Exercise instructions: Everything from the line containing "Blue Ocean har" through the line containing "A brand-new, unused, certified" in the listing below should be copied exactly, and nothing more.

Data for processing:
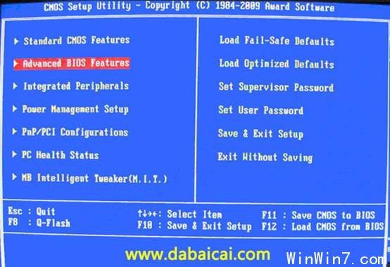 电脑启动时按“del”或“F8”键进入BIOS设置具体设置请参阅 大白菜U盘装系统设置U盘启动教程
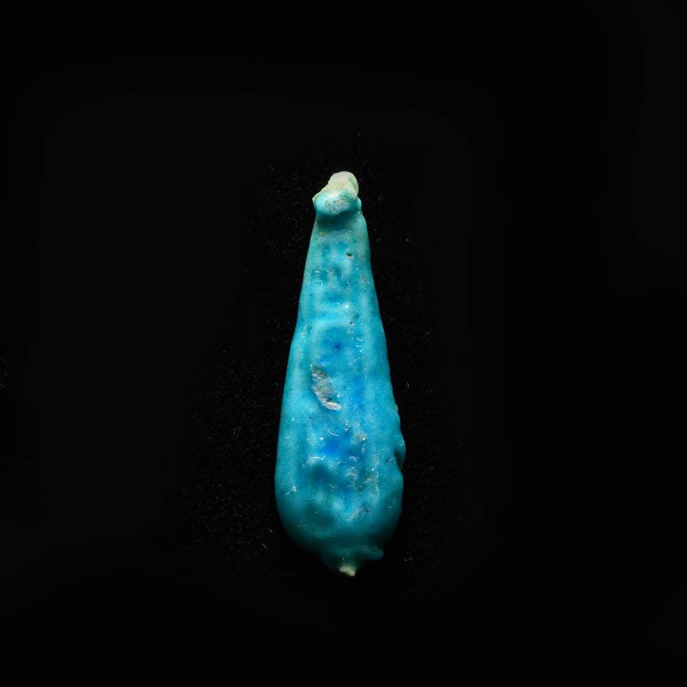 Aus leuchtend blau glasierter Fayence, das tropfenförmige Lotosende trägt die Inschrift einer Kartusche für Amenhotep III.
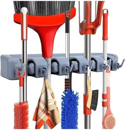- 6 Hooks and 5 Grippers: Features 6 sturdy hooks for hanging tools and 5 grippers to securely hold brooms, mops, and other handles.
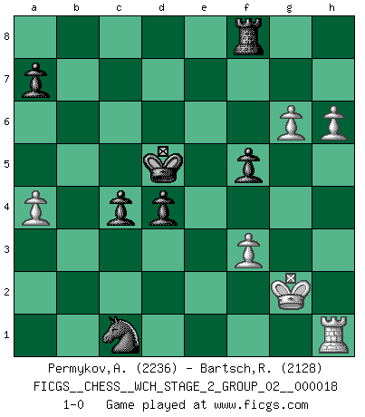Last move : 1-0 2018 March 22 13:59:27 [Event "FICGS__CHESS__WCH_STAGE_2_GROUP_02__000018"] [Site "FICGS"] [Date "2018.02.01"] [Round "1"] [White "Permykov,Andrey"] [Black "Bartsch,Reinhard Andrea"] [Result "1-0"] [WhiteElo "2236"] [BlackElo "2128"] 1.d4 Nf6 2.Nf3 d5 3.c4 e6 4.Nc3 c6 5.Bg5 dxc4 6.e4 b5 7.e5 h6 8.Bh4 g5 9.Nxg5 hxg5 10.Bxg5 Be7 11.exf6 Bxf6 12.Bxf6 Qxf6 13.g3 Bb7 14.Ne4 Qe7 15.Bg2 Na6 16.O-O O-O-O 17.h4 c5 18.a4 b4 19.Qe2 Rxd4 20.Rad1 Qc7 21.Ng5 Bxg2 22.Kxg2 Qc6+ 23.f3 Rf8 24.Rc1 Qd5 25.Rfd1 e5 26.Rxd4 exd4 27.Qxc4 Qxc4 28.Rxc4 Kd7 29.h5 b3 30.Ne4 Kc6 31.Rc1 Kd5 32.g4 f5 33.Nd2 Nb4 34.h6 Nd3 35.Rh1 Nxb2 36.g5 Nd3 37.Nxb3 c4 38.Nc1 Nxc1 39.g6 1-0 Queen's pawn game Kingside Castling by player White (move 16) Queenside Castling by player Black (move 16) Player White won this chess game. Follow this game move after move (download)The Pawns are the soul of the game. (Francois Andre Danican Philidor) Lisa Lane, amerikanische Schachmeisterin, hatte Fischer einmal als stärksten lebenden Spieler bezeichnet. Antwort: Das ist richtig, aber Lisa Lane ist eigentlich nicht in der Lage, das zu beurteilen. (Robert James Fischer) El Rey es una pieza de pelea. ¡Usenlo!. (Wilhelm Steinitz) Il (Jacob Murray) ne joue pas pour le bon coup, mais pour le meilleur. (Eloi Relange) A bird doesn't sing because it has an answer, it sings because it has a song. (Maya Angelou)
==
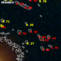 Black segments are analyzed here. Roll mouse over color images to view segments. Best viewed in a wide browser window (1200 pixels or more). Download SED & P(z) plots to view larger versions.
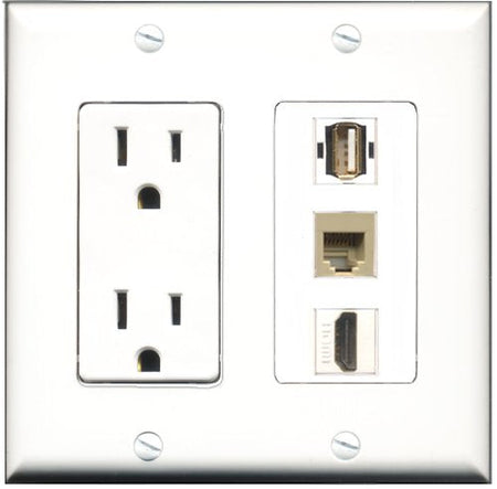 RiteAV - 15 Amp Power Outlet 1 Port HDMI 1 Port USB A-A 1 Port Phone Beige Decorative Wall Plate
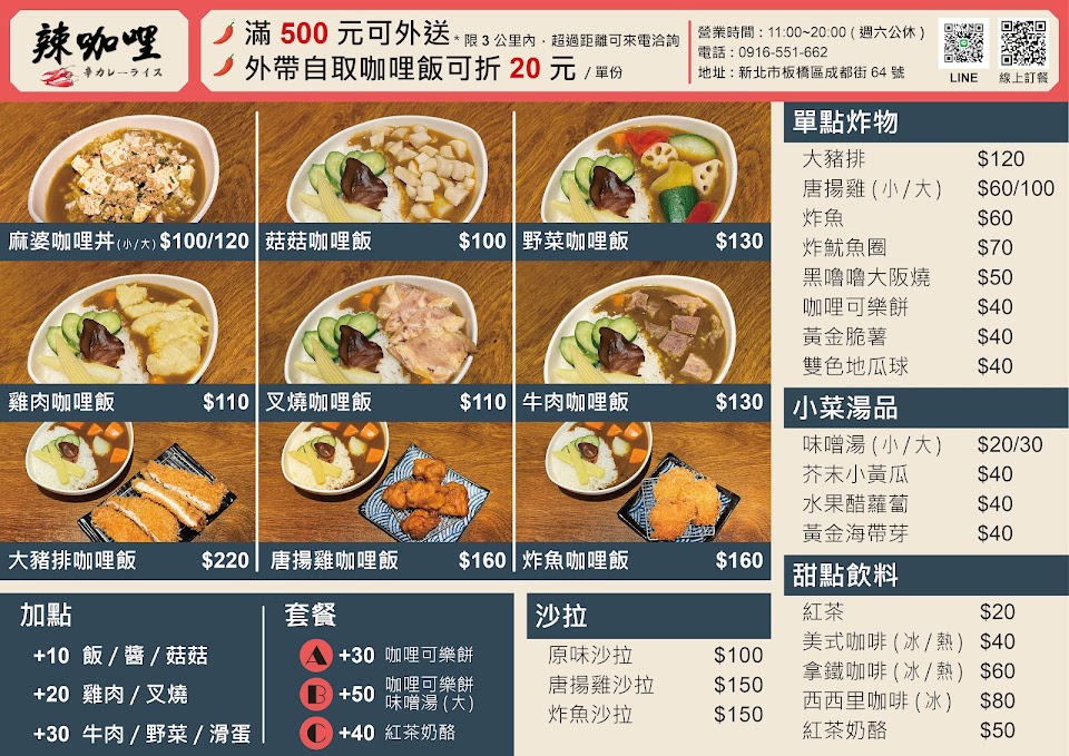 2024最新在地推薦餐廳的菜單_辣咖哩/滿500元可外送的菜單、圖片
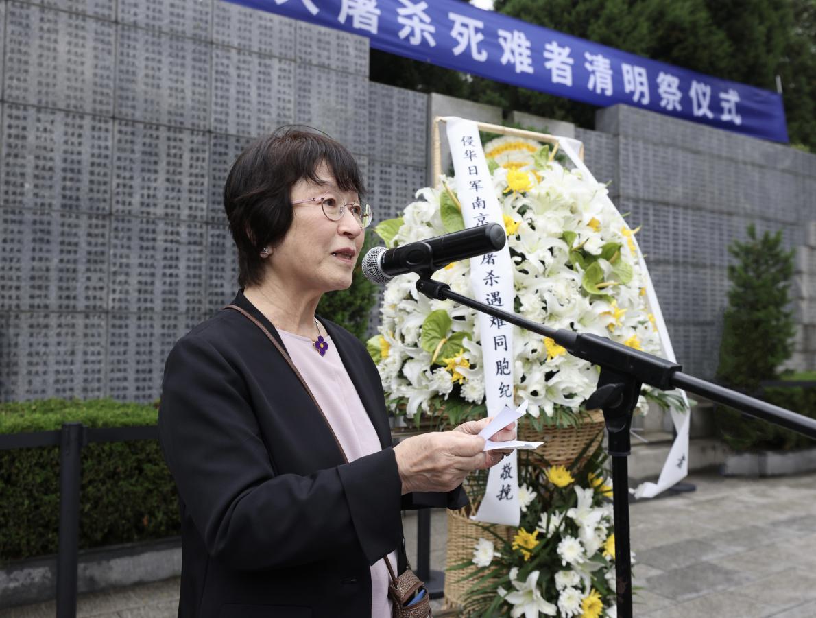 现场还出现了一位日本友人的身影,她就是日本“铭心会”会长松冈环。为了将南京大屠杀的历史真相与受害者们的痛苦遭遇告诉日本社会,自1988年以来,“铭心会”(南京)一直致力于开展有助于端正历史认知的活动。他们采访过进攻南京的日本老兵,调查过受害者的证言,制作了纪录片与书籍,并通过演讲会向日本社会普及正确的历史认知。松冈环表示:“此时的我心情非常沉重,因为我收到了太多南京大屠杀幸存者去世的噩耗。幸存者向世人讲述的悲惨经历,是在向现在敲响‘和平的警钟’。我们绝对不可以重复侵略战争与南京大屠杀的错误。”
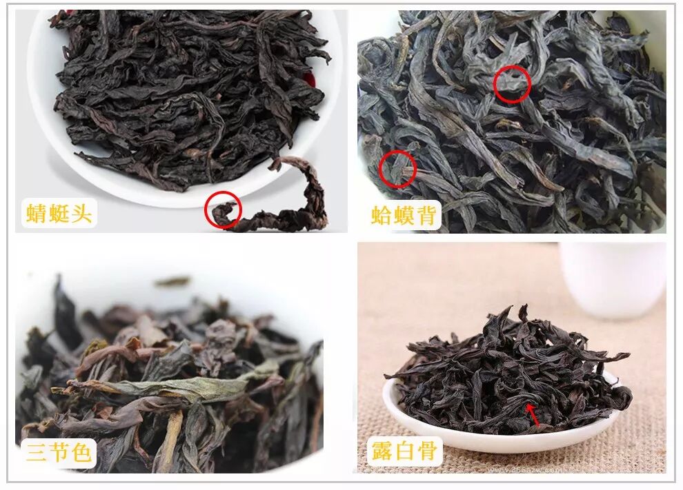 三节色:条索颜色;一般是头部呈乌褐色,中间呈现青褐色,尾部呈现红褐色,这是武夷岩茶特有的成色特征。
...
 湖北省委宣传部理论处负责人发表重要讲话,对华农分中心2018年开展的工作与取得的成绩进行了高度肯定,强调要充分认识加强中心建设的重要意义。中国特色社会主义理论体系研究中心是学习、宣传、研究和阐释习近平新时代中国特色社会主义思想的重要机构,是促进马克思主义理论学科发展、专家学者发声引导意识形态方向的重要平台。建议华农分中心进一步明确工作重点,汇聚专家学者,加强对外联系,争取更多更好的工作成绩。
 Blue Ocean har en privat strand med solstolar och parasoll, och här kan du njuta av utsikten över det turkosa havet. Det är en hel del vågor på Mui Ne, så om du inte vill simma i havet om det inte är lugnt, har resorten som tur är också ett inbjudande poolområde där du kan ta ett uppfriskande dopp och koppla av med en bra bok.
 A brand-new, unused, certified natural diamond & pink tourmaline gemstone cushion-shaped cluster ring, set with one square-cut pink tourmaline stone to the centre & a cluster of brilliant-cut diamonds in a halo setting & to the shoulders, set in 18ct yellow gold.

Written solution:
 Blue Ocean har en privat strand med solstolar och parasoll, och här kan du njuta av utsikten över det turkosa havet. Det är en hel del vågor på Mui Ne, så om du inte vill simma i havet om det inte är lugnt, har resorten som tur är också ett inbjudande poolområde där du kan ta ett uppfriskande dopp och koppla av med en bra bok.
 A brand-new, unused, certified natural diamond & pink tourmaline gemstone cushion-shaped cluster ring, set with one square-cut pink tourmaline stone to the centre & a cluster of brilliant-cut diamonds in a halo setting & to the shoulders, set in 18ct yellow gold.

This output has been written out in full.